__The task__. The material below holds pictures; leave them out and reproduce exactly the lines from the one with "2. 糊が付かないように、床面をカバーするには「マスカー」が便利です。まずは端に沿って貼り付けます。 |" through the one with "Garfield/Canal Park Update: The", inclusive.

┄┄┄┄┄┄

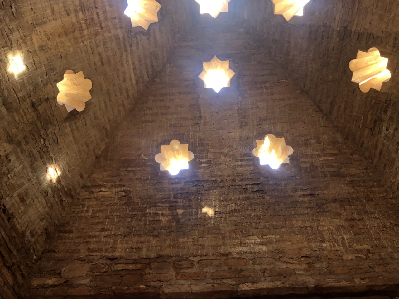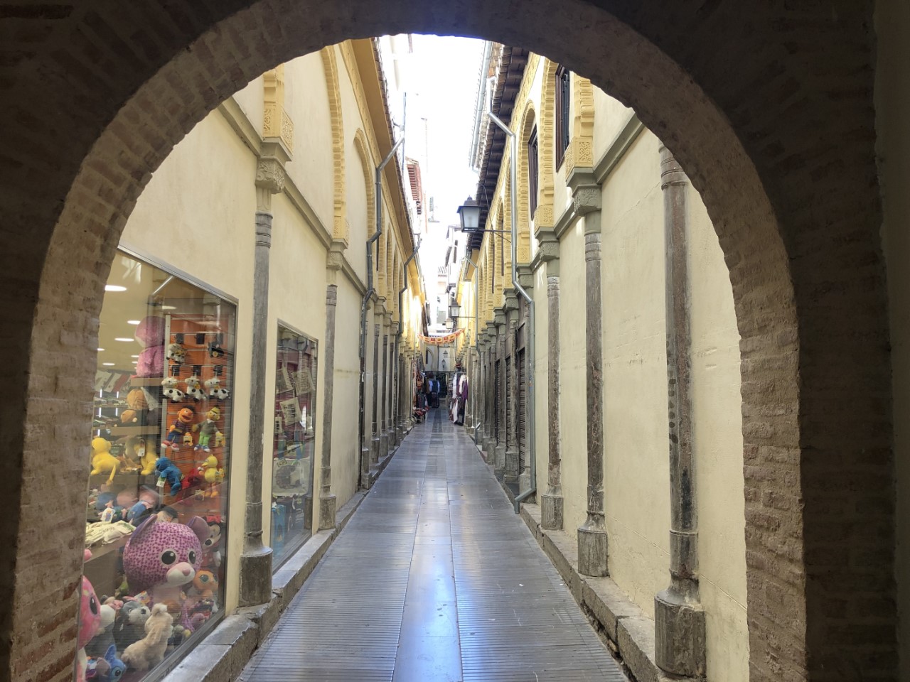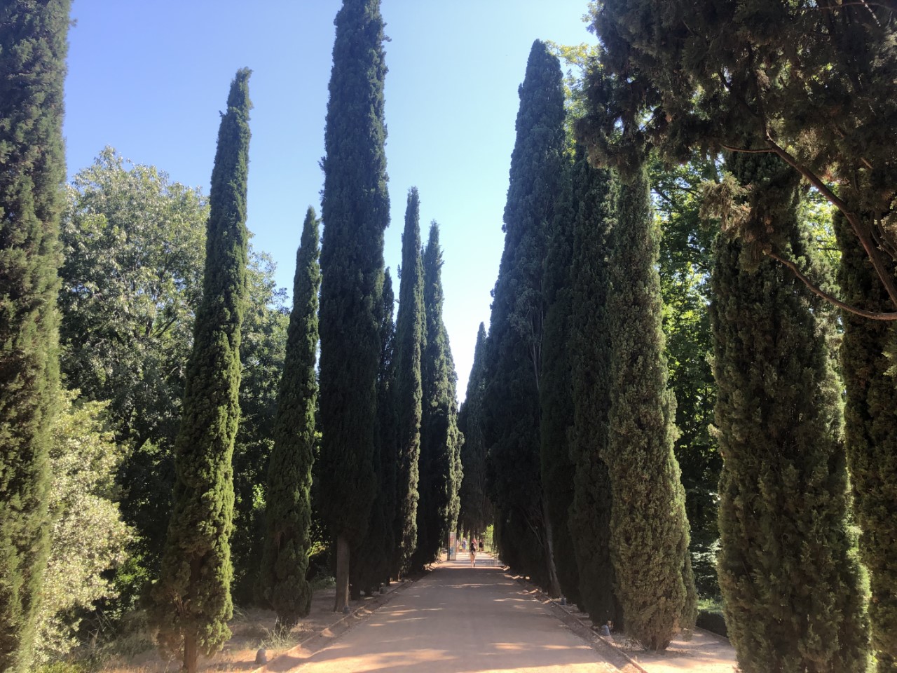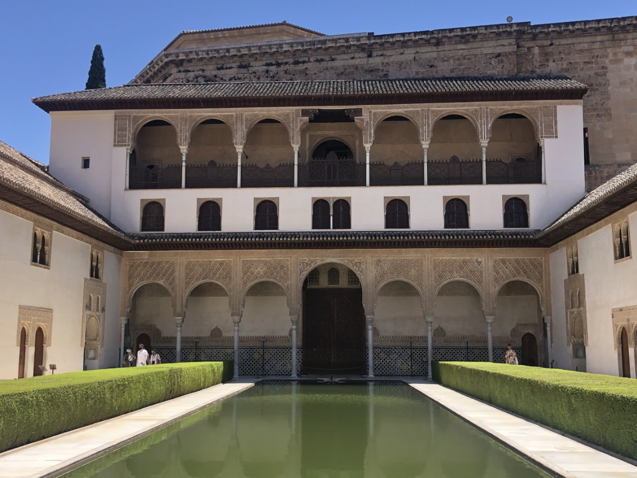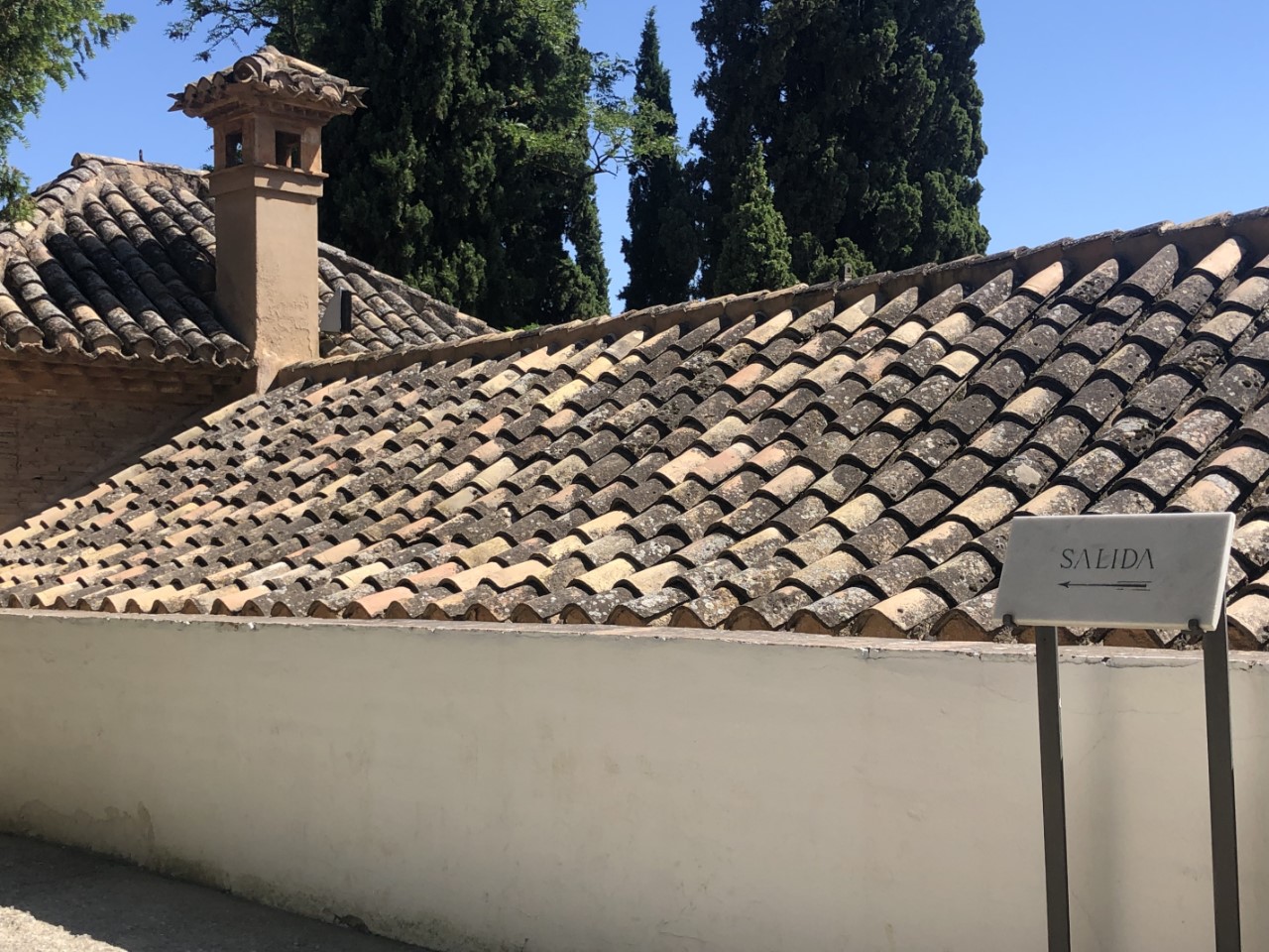 Dat is weer een hele steile klim en dan met een temperatuur van rond de 30 graden. Bij verschillende plekjes in de schaduw nemen we even rustpuntje en we zijn niet enige. Bij de entree van het Alhambra is een strenge controle met toegangsbewijs en paspoort. Jammer genoeg niet met een audiotour (Covidregels) of een plattegrond (óók Covidregels). Dan maar zelf de beste weg op het complex zoeken (wat best een puzzel bleek te zijn, want er staat maar hier en daar een bordje). Via een mooi pad met een lange rij coniferen, die geknipt waren met poortjes er in, komen we op een centraal plein. We lopen tegen het paleis van Karel de Vijfde aan. Daar binnen bevindt zich een soort arena met twee galerijen. En een klein museum met wat oude troep (museum van de schone kunsten).
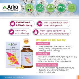 Viên uống Arkopharma Omega 3 chứa 100% dầu cá hồi từ vùng biển Na Uy – quốc gia nổi tiếng với chất lượng dầu cá hàng đầu thế giới.Sử dụng viên uống mỗi ngày giúp bổ sung vừa đủ lượng omega 3 cần thiết cho cơ thể, giúp cân bằng các chất thay vì sử dụng sản phẩm bổ sung tổng hợp Omega 3-6-9.
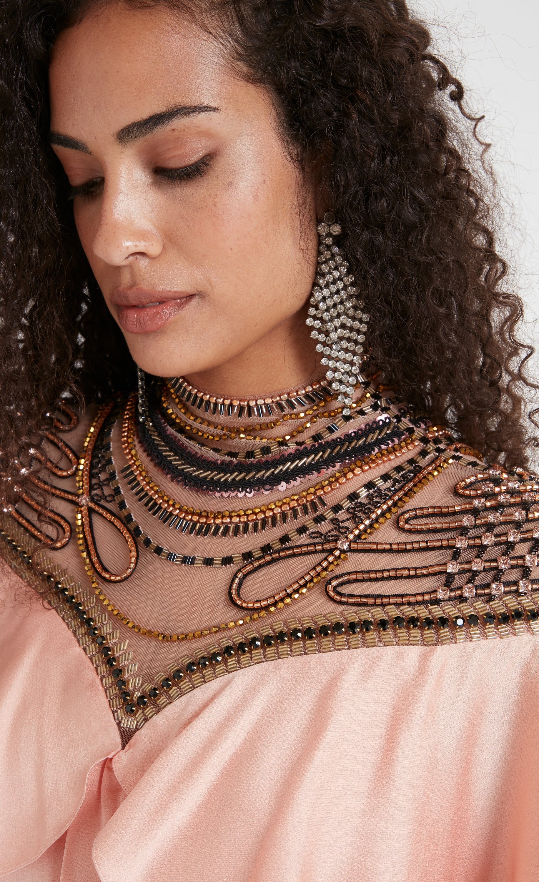 Embroidered yoke panelling in Italian illusion tulle
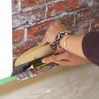 2. 糊が付かないように、床面をカバーするには「マスカー」が便利です。まずは端に沿って貼り付けます。 |
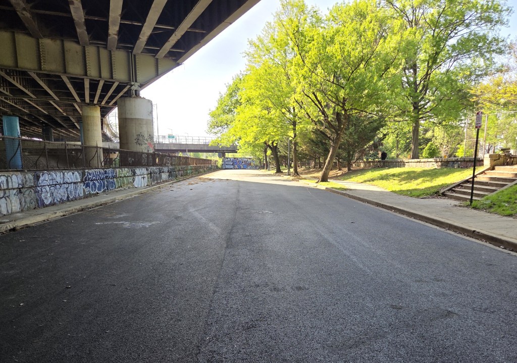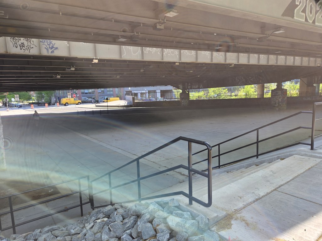 Garfield/Canal Park Update: The construction fence has been removed, and the work of opening up and clearing the area under the freeway appears to be complete. This view is of the steps leading down from the Garfield Park playground and looking south beneath the freeway.
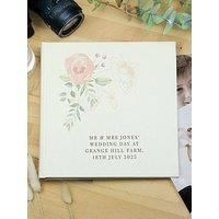 The Personalised Memento Company Personalised Floral Square Photo Album This Floral Square 6x4 photo album is a cute gift idea for Weddings, Anniversaries, Birthdays, new babies or expecting mothers! Personalise this photo album with a message using 70 characters. Contains 30 sleeved pages, holding up to 120 6x4 photos with a space for text beside each one. Ideal for Birthdays, Anniversary, Weddings, new borns and baby showers Depth: 3 CM Height: 22.5 CM Width: 22.5 CM
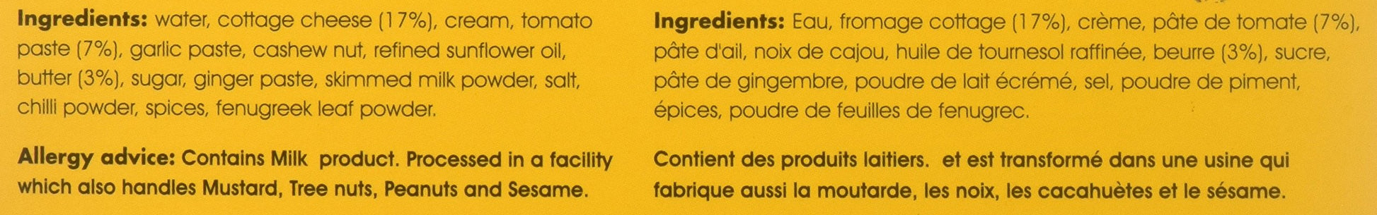 - Ingredients: Water, Cottage cheese (17%), Cream, Tomato Paste (7%), Skimmed Milk powder, Refined Sunflower oil, Cashew nut, Spices, Salt, Sugar, Butter (3%), Ginger paste, Chilli powder, Garlic paste, Fenugreek leaves powder
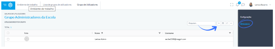 2. En el submenú, seleccione la opción "Usuarios" y haga clic en el icono "+" (Agregar)
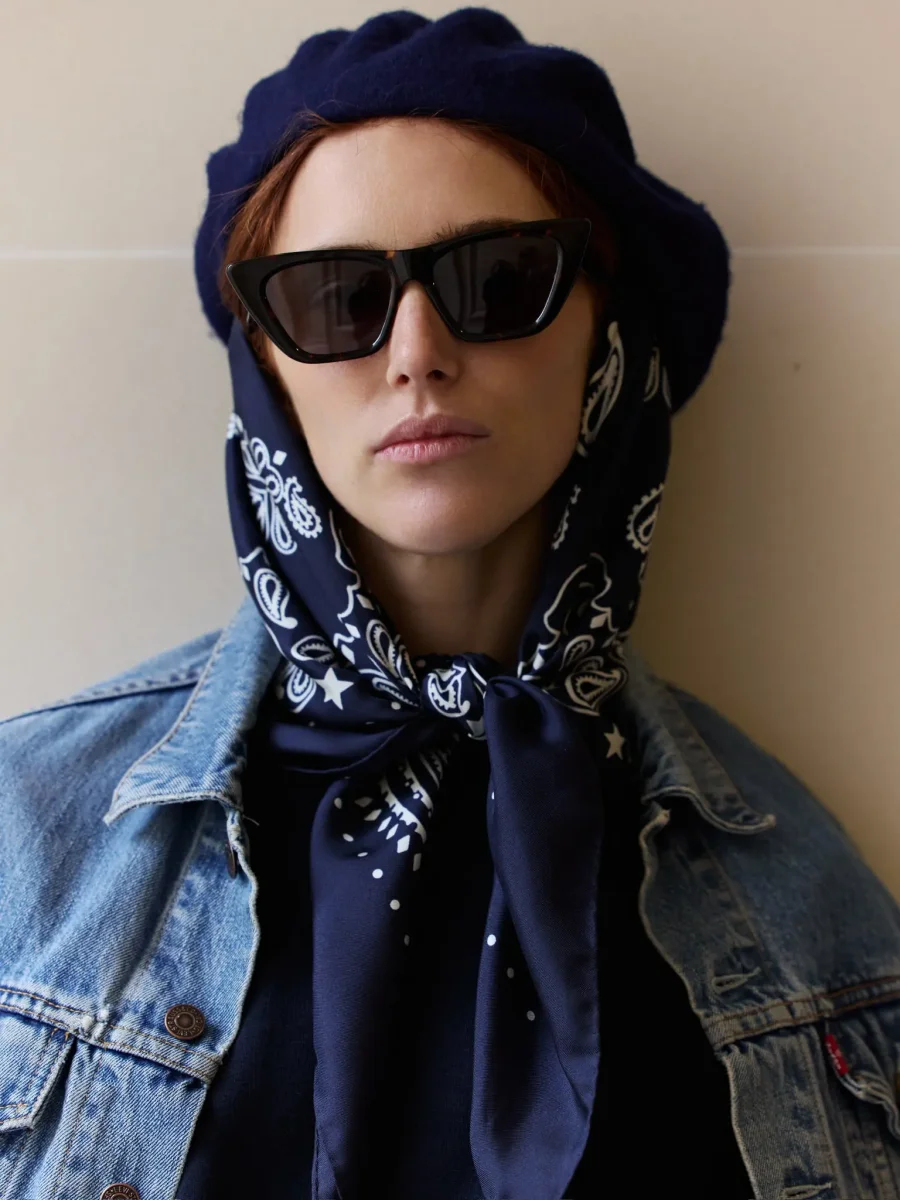 Dans les cheveux, autour du cou, chacun des nouages traduit la personnalité du bandana de soie. Un accessoire simple et moderne !

┄┄┄┄┄┄

__Reply__.
 2. 糊が付かないように、床面をカバーするには「マスカー」が便利です。まずは端に沿って貼り付けます。 |
 Garfield/Canal Park Update: The construction fence has been removed, and the work of opening up and clearing the area under the freeway appears to be complete. This view is of the steps leading down from the Garfield Park playground and looking south beneath the freeway.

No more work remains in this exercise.